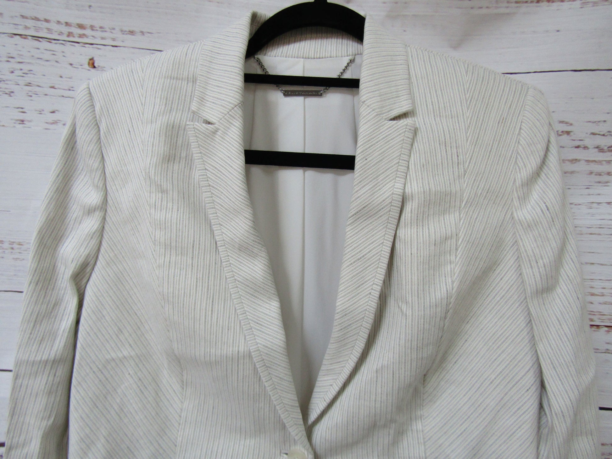 Elie Tahari Ivy Women's White Striped Linen Blend Blazer Jacket Size 12
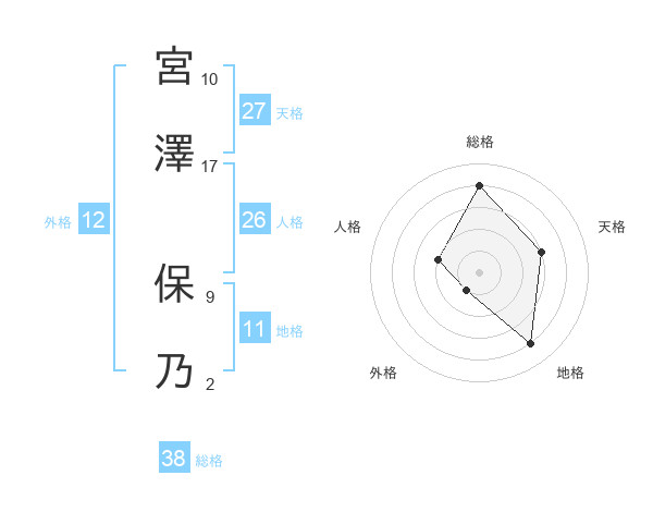 宮澤 保乃さんを姓名の画数から五運を鑑定
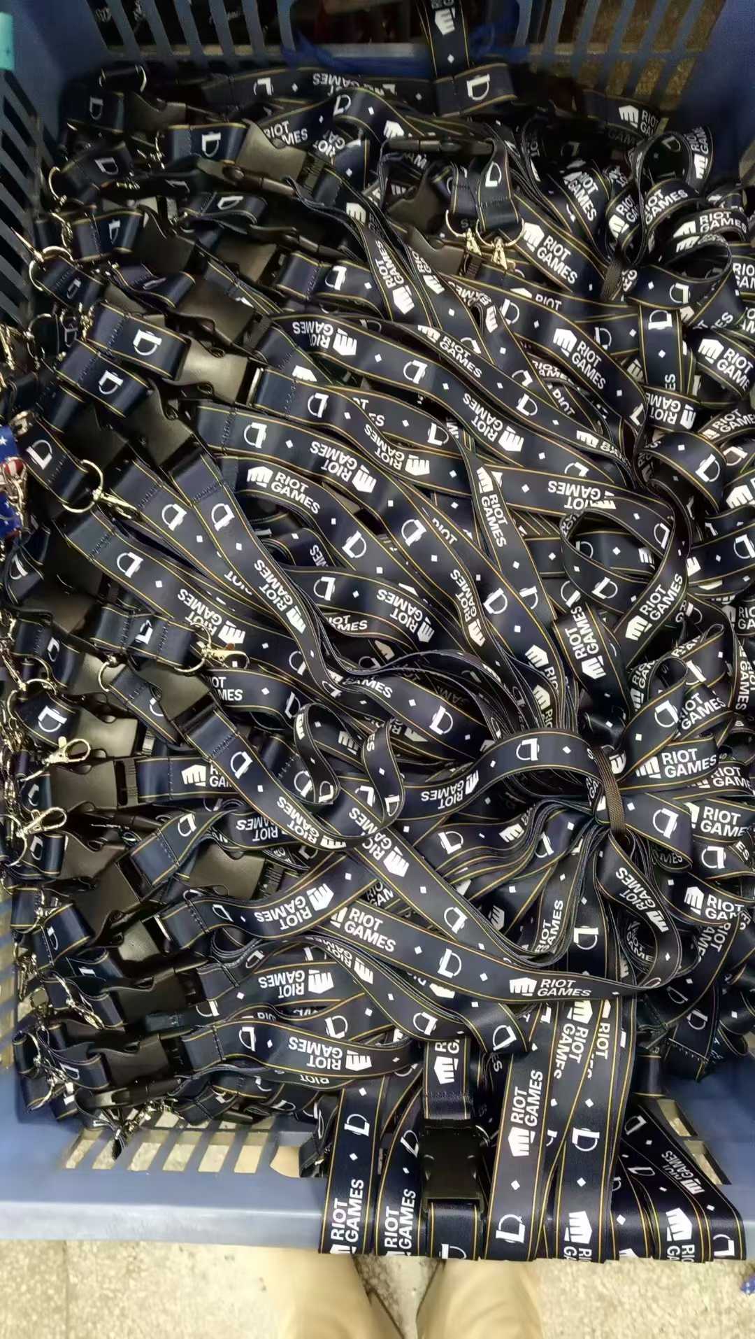 리그 오브 레전드(LoL), 발로란트 등으로 유명한 세계적인 게임 개발사 **라이엇 게임즈(Riot Games)**의 랜야드입니다. 블랙 베이스에 골드/화이트 톤의 로고 디자인이 들어가 있어 굉장히 고급스럽고 시크한 느낌을 줍니다. E-스포츠 행사나 사내 직원용으로 사용될 때 그 프리미엄 한 분위기가 돋보일 것 같습니다.

WORK ITEM =>
Would you please set down the listing above exactly, minus its images?

COMPLETED TASK =>
 Elie Tahari Ivy Women's White Striped Linen Blend Blazer Jacket Size 12
 宮澤 保乃さんを姓名の画数から五運を鑑定
 리그 오브 레전드(LoL), 발로란트 등으로 유명한 세계적인 게임 개발사 **라이엇 게임즈(Riot Games)**의 랜야드입니다. 블랙 베이스에 골드/화이트 톤의 로고 디자인이 들어가 있어 굉장히 고급스럽고 시크한 느낌을 줍니다. E-스포츠 행사나 사내 직원용으로 사용될 때 그 프리미엄 한 분위기가 돋보일 것 같습니다.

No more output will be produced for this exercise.